New political collection at USC brings former president to town

COLUMBIA, SC - The University of South Carolina has anew exhibit that's specifically important to education in the state, but it also hits close to home for former president Bill Clinton.

The university unveiled a new political collection honoring Richard Riley; SC's former governor who helped make change to the education system.

Bill Clinton was in Columbia on Monday to view the new exhibit.

"The papers of any member of congress are important and cover a lot of subjects and this collection does too but it definitely has a singular topic of education policy and development in the United States," explained Dorothy Walker, the director of USC'S political collections.

The exhibit features memorabilia and artifacts highlighting's Riley's legacy. In each one of the cases there are articles, flyers and handwritten speeches showing Riley's impact on education and the state.

One of Riley's major changes was increasing funding for K-12 education and increasing the dollar amount spent per student.

"We had to do a few things we had to get the base load of the money to public education so we could make all these innovations and changes possible," said Riley.

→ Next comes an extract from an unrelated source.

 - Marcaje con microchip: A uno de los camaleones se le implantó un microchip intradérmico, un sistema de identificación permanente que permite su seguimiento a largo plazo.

His impact in South Carolina made his appointment to Secretary of Education under Bill Clinton's presidency an easy choice.

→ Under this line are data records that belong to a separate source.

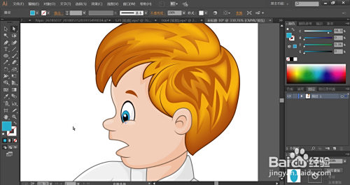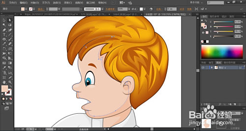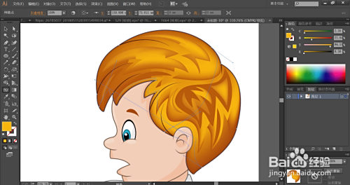 利用暗橙色与橙黄色搭配填充男孩的头发,再用网格东西点击一下头发的橙黄色路径让其呈现渐变色的结果。
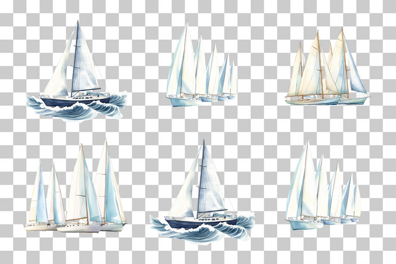Sailboat Regatta Nautical Scene Clipart Bundle
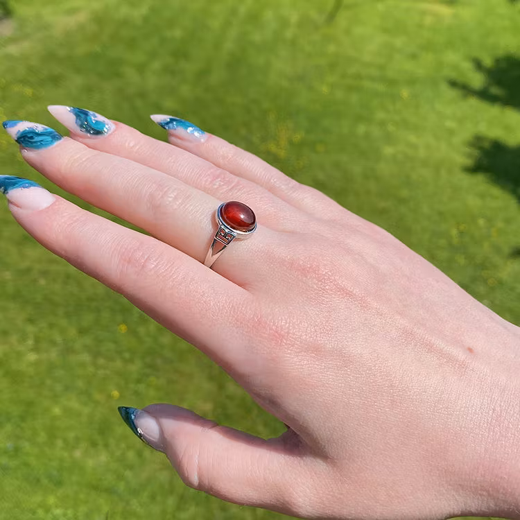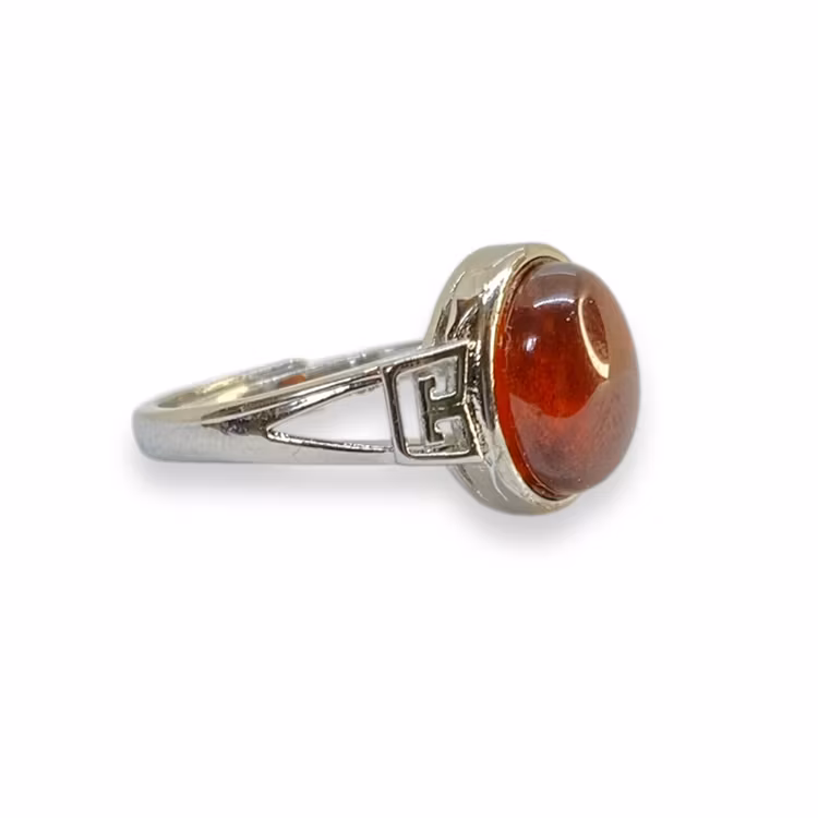 En ställbar ring med infattad Granat från Kina, ringen är av legerad koppar. Välj modell i rullmenyn.
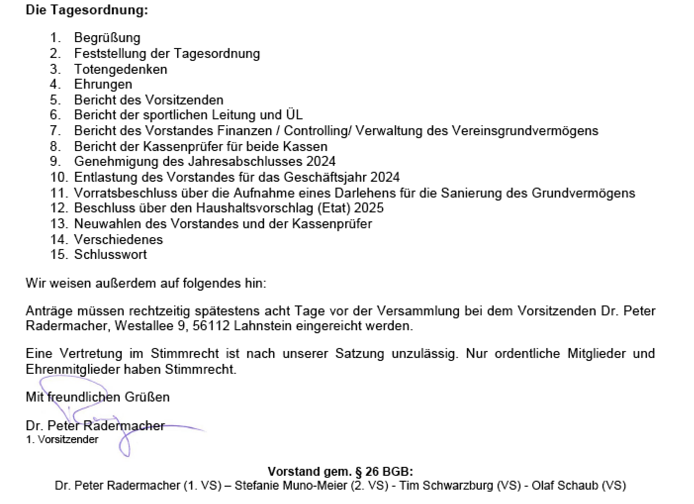 Anträge müssen rechtzeitig spätestens acht Tage vor der Versammlung bei dem Vorsitzenden Dr. Peter Radermacher, Westallee 9, 56112 Lahnstein eingereicht werden.
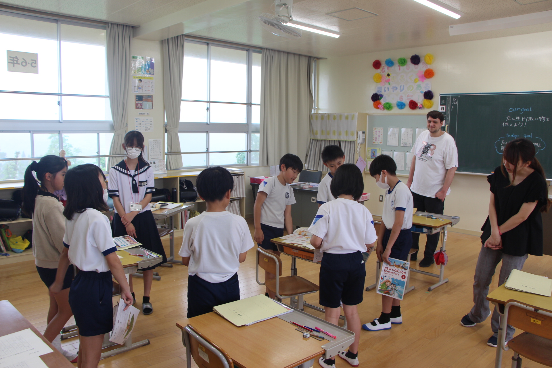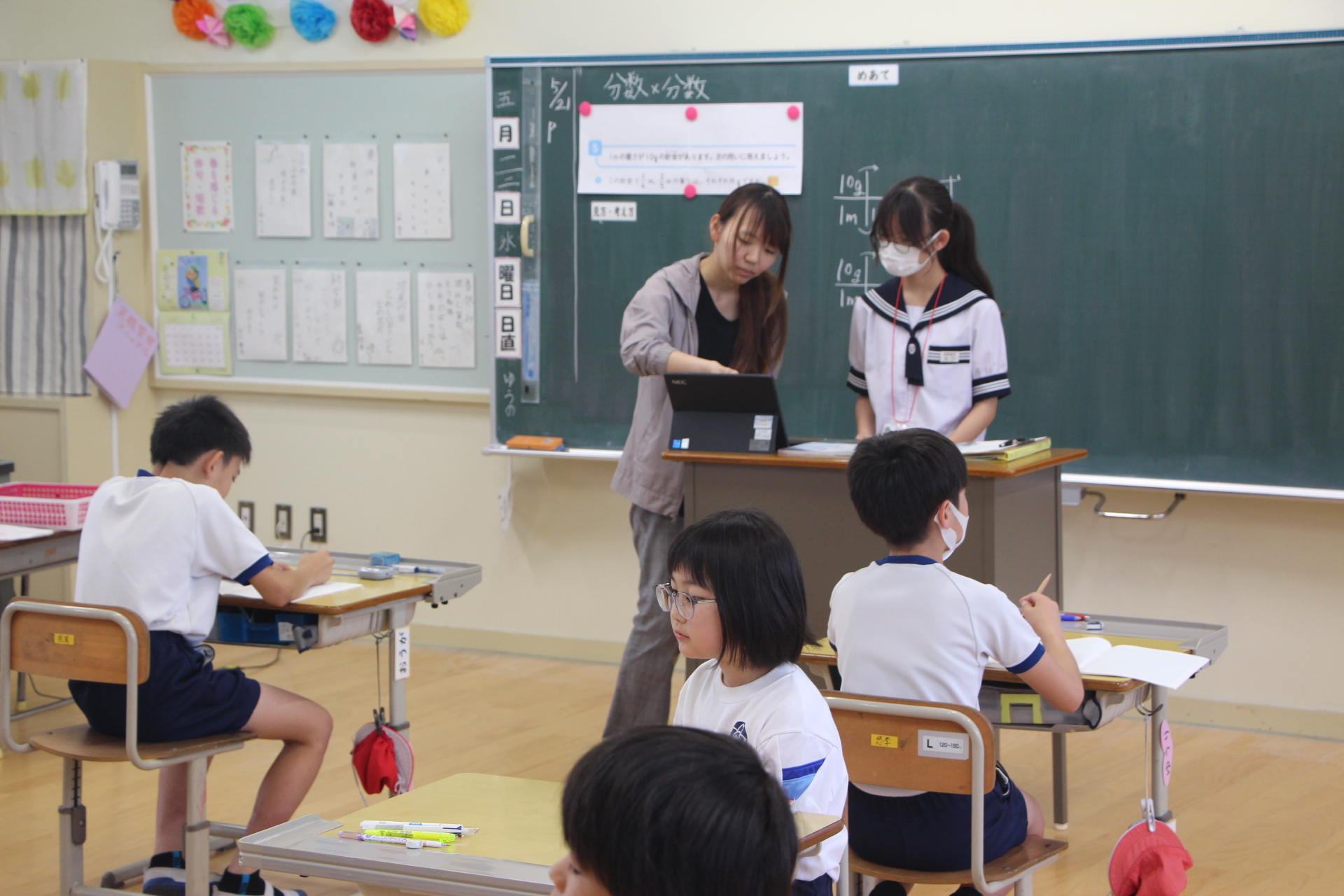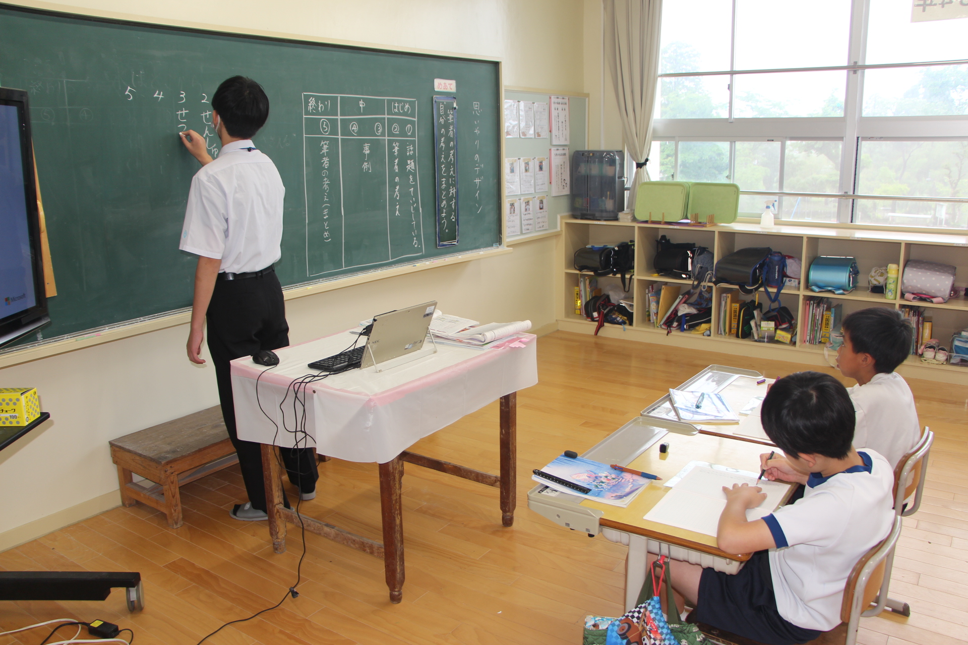二人には,各クラスを回ってもらいました。授業によっては,参観だけでなく「先生」役も務めました。とても立派でした。優しく丁寧な声掛けに,児童も笑顔で学習に取り組んでいました。ずっといてほしい・・・。

"It was because I believed the future of our country depended on our ability to educate our youth. and I know that he believed that ability is evenly distributed but opportunity was not and that the first step to closing that gap was believing it could be," explained Bill Clinton.

Under Riley's term as Secretary of Education graduation rates in the country rose and more students were enrolled in the afterschool programs than ever before.

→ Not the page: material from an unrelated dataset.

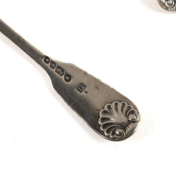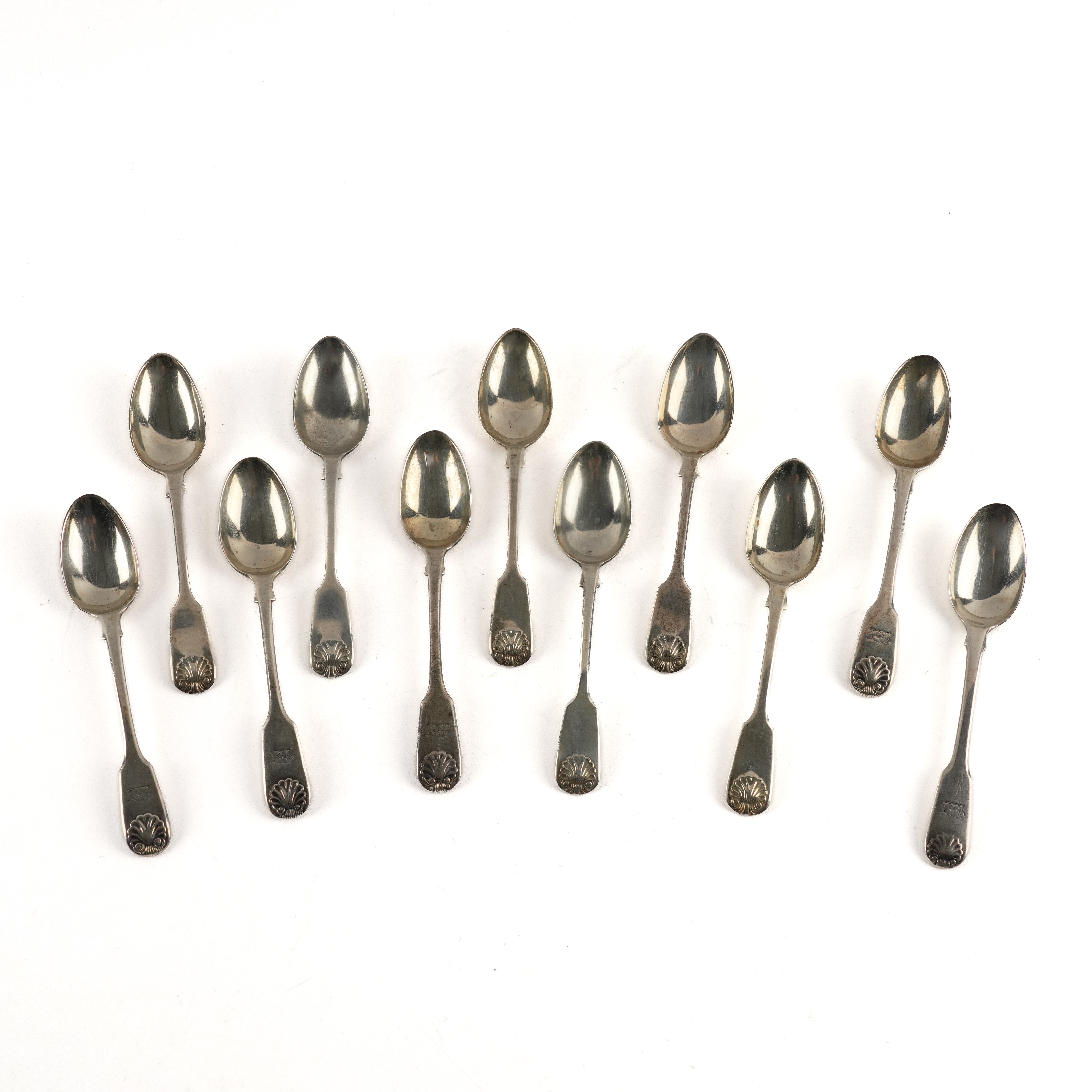 Comprising; six Victorian single struck fiddle and shell pattern teaspoons, Newcastle 1854 and five double struck fiddle and shell pattern teaspoons, crest engraved, mixed 19th century dates, weight 275 grams

But what Riley will be remembered for the most can't be displayed in these cases.
Clinton told the crowd at USC's Alumni Center that Riley was good at his job because he never forgot to be a person.

"People could appreciate everything special about him and then people could disagree with him and say I think you're wrong, but he lived and served in a time when he never stopped being a person," elaborated Clinton.

The exhibit is open to the public until December. It will then be placed in the university's permanent collection.

Riley served 2 terms as governor of South Carolina. After leaving politics, Riley continued his fight for education. His law firm represented 37 of the poorest school districts in the Abbeville Lawsuit to demand funding for those schools.